- Born: Sterling Gray Van Wagenen July 2, 1947 (age 78) Utah, U.S.
- Occupations: Producer, writer, director

= Sterling Van Wagenen =

American film and stage director, producer and writer

Sterling Gray Van Wagenen (born July 2, 1947) is an American film and stage producer, writer, director, and convicted sex offender. He is a co-founder of the Sundance Film Festival, and, in association with his former cousin-in-law Robert Redford, he was the founding executive director of the Sundance Institute.

In 2019, Van Wagenen was convicted of child sexual abuse and sentenced to six years to life in prison.

==Career==
He has directed four feature films as well as several documentaries and television episodes, and has produced over fourteen feature films, documentaries, and television series, including the Academy Award winning The Trip to Bountiful, co-produced with Horton Foote and starring Geraldine Page and John Heard. He collaborated again with Foote on Convicts, starring Robert Duvall and James Earl Jones.

In 1986, he and Foote were nominated for an Independent Spirit Award as producers of The Trip to Bountiful, and in 1987 they won a Wise Owl Award for the film. In 1992, he won a Crystal Heart Award as director of Alan and Naomi. Van Wagenen's cousin Lola was married to Redford from 1958 to 1985. After 1993, Sterling Van Wagenen had no official connection with the Sundance Film Festival or Sundance Institute.

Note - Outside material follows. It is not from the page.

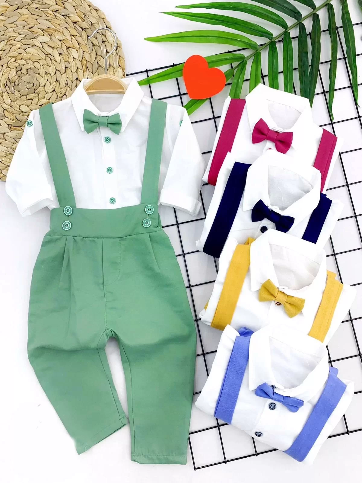 9-12-18-24 Ay Pamuk Kumaş Papyonlu Gömlek 2li Erkek Bebek Salopet Takımı

From 1999 to 2004, he served as Director of the School of Film and Digital Media at the University of Central Florida. He was later Producer-in-Residence and faculty member at the University of Utah.

Van Wagenen was the director of three films that were used in rotation from 2013 though January 2019 during the Endowment Ceremony in temples of the Church of Jesus Christ of Latter-day Saints.

== Personal life ==

He is married to Marilee Jeppson, and they had six children and 20 grandchildren. Their first child, Sarah Ella Van Wagenen, born August 17, 1973, died on March 1, 2014, from cancer.

==Sexual abuse conviction and imprisonment==
On January 4, 2019, The Truth & Transparency Foundation, a nonprofit group formerly known as "MormonLeaks", posted audio in which Sterling Van Wagenen holds a conversation with a man identified by the alias "David." In the recording, Van Wagenen confesses to molesting the 13-year-old "David" in 1993 during a sleepover. At the time, Van Wagenen confessed the incident to his Stake President and a detective. According to a police report, no charges were filed in the case because the victim's parents declined to pursue them. Van Wagenen was disfellowshipped for 2 years by the LDS Church.

On April 2, 2019, Van Wagenen was charged with the felony aggravated sexual abuse, in Salt Lake City, where he was released on a $75,000 bond. Van Wagenen is alleged to have molested a young girl some time between 2013 and 2015.

The Sundance Institute issued a statement, saying: "Recent reports in the press have made us aware of allegations of sexual abuse by Sterling Van Wagenen, who played a role in founding both the Festival and the Institute. He has no current connection to either entity, and has since he left our Utah Advisory Board in 1993. Sundance Institute categorically denounces his behavior as described in recent reports, and we stand in solidarity with those whose brave truth-telling shines light on abusive behavior."

On April 30, 2019, Van Wagenen pleaded guilty to one charge of aggravated sexual abuse of a child. He was jailed for six years to life on July 2, 2019.